Bethesda farm stand closes after long wait for permit to return to River Road
Farm stands struggle with new state regulations
Boyds resident Jonathan Sadd said that while he is done for the summer, he is not done forever.
The owner of Country Thyme Farm Market, a produce stand that stood along River Road every summer between 1999 and 2009, said he has packed up his business more than a month earlier than usual in light of slumping sales and a tough growing season. He blames the drop in sales on his 14-month battle with the State Highway Administration.
"It's a bureaucracy and a beast," he said of the agency.
Sadd, along with others, was told his long-standing market had to be moved from where it stood near Bethesda's Kenwood neighborhood on River Road in July 2009 when SHA officials began actively enforcing a law that prohibits such stands in state right of ways.
He appealed to stay for the season and eventually helped create legislation that permits produce vendors to sell on SHA property, but says the fight to obtain a permit has been too much for him.
His current location, which is on River Road near the Capital Crescent Trail Bridge on county land has brought him significantly less business than previous years and SHA officials have been slow to help get him back to where he was.
Sadd, who has a farm in Boyds, would not comment on how much he lost this season, but said it was 80 percent less than he took in while at his original location.
"It's just been this perfect storm," he said. "We're lost here, away from everything else, we started late ... and the weather has just not been good. I'm packing it up."
Sadd is the first person to request such a permit, said SHA spokesman Charles Gischlar. He said the SHA is still waiting for more information from Sadd and are still trying to assess how safe Sadd's original location is.
"Safety has to be our number one priority," he said. "We have to make sure that all highway users are safe."
The permitting process has not year been completed and his agency is still working out its details, Gischlar said.
Sadd said he has worked with the SHA as much as he can.
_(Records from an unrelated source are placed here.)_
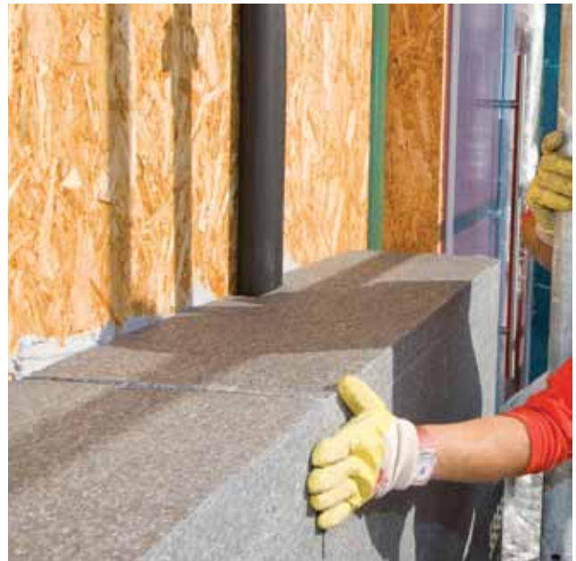
Dobra toplinska izolacija vrlo je važna za standard pasivne kuće

Veliki dio toplinskih gubitaka u građevinama otpada na prozračivanja, ali to nipošto ne znači da se zgrade ne bi trebale prozračivati radi osiguranja potrebne kvalitete zraka. Kako bi se održala dopuštena razina ugljikova dioksida i drugih štetnih tvari, treba u zatvorenom prostoru svakog sata osigurati 25 do 35 m 3 svježeg zraka po jednoj osobi. To ujedno znači da bi svaka tri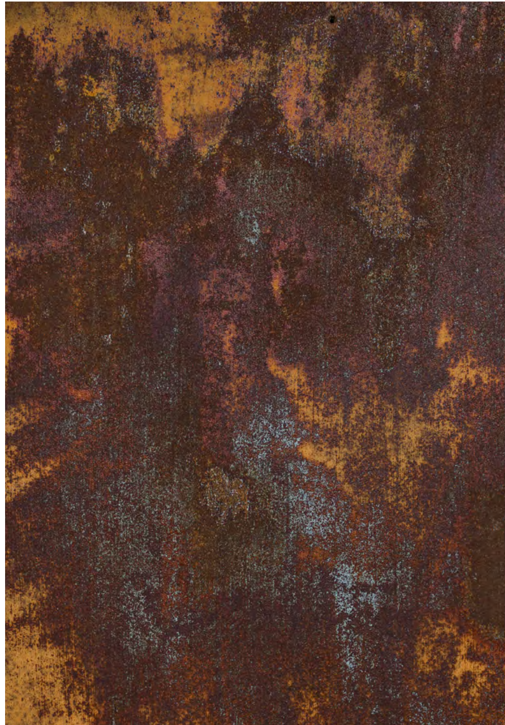
Teal + V (2 mani)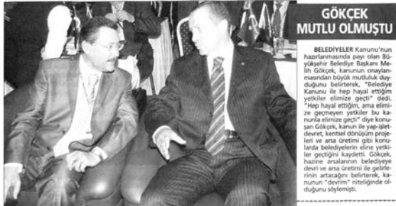
GÖKÇEK MUTLU OLMUŞTU

BELEDİYELER Kanunu'nun hazırlanmasında payı olan Büyükşehir Belediye Başkanı Melih Gökçek, kanunun onaylanmasından büyük mutluluk duyduğunu belirterek, "Belediye Kanunu ile hep hayal ettiğim yerleri elimize geçirdi" dedi. "Hep hayal ettiğim, ama elimize geçmeyen yerleri bu kanunla elimize geçirdi" diye konuşan Gökçek, kanun ile yapılabilecek, karnel dönüştürme projeleri ve ana üretimi gibi konularda belediyelerin eline yerleri geçirdiğini kaydetti. Gökçek, hazine arazılarının belediyeye devri ve ana üretimi ile gelirin artacağını belirterek, kanunun "devrim" niteliğinde olduğunu söyledi.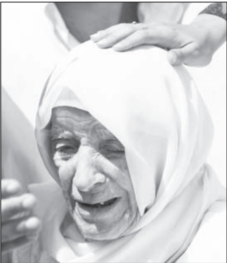
الحاجة حورية والدة محمود درويش تودع جثمان ابنها في رام الله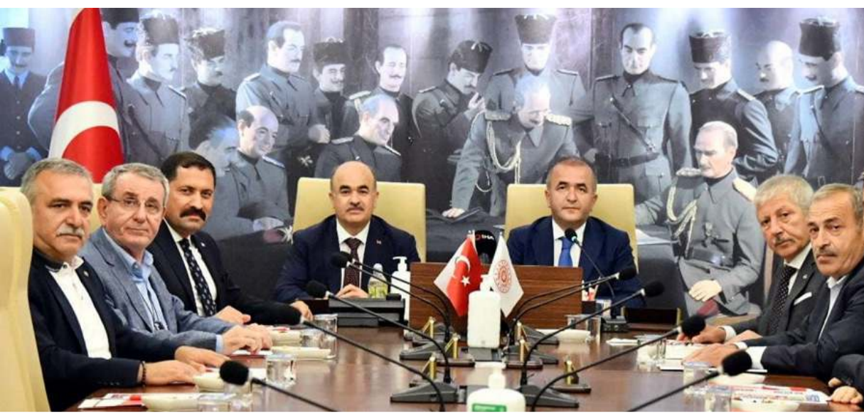
OKA Yönetim Kurulu Toplantısı Samsun'da yapıldı.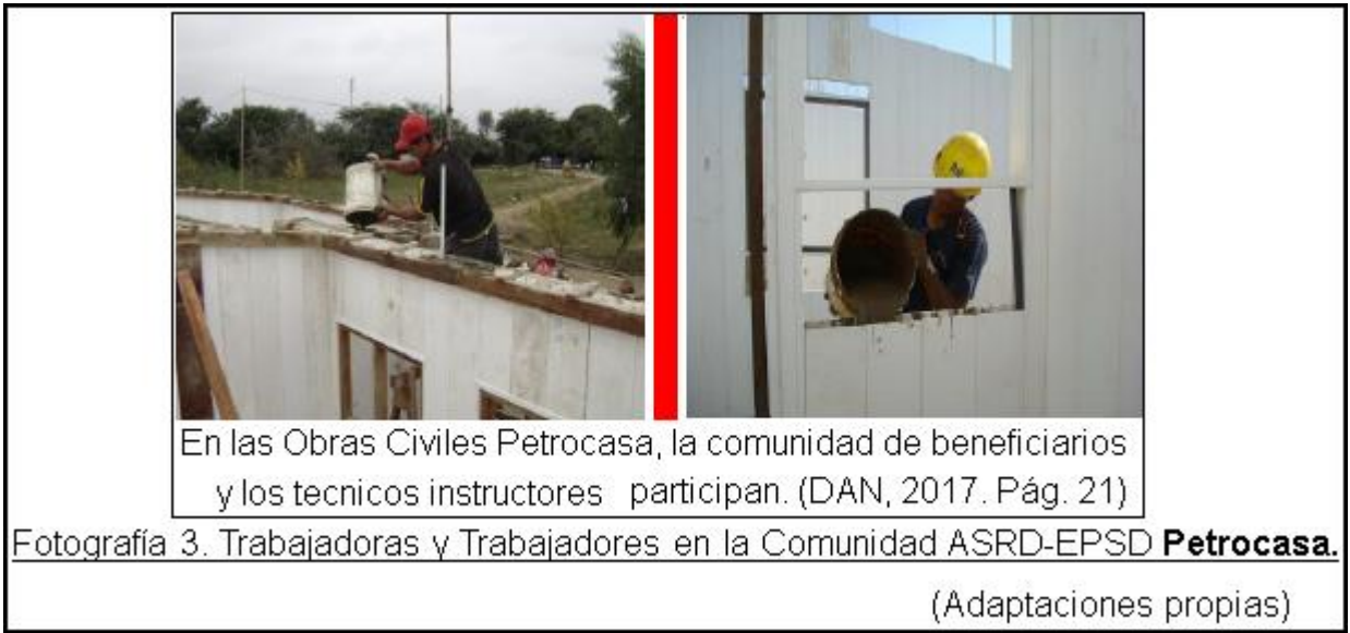
Fotografía 3. Trabajadoras y Trabajadores en la Comunidad ASRD-EPD Petrocasa . (Adaptaciones propias)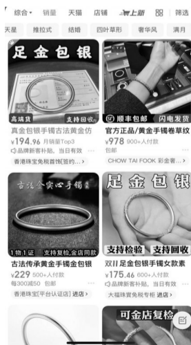
金包银饰品在电商平台销售走俏

随后,记者找到了位于台江区瀛洲街道上的一家专门售卖“金包银”饰品的非品牌店铺。一进店门,各种“金包银”的手链、手镯、项链等饰品摆放在展柜内,与纯金饰品的外观并无区别。据店主介绍,目前“金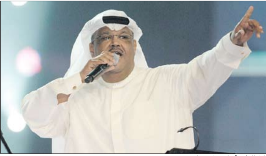
نبل الخليج الفنان نبيل شجيل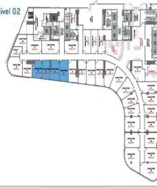
Planta Medical Hub - Nivel 02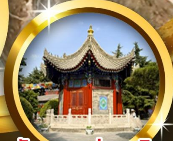
วัดลามะกว้างเหริน

Sen. Brian E. Frosh (D-Dist. 16) of Bethesda said he too has been frustrated with the idea that the farm stand which inspired him to create Senate Bill 477 the legislation that along with House Bill 611 set up the licensing process still is not where it once stood.
"It is my understanding that the record shows they've had no safety problems there," he said. "It just seems like a shame they couldn't be there this summer."
Rob Ficker, who operated the Truffula Farm Market on River Road and Carderock Springs Drive from 2006 to 2009 in Bethesda which was also forced to leave its location last summer said the shutdown contributed to his decision to abandon local produce vending.
"I wasn't the only reason, but it didn't help," he said. "...It definitely did help me move on."
Ficker now builds butterfly gardens in Delray, Fla.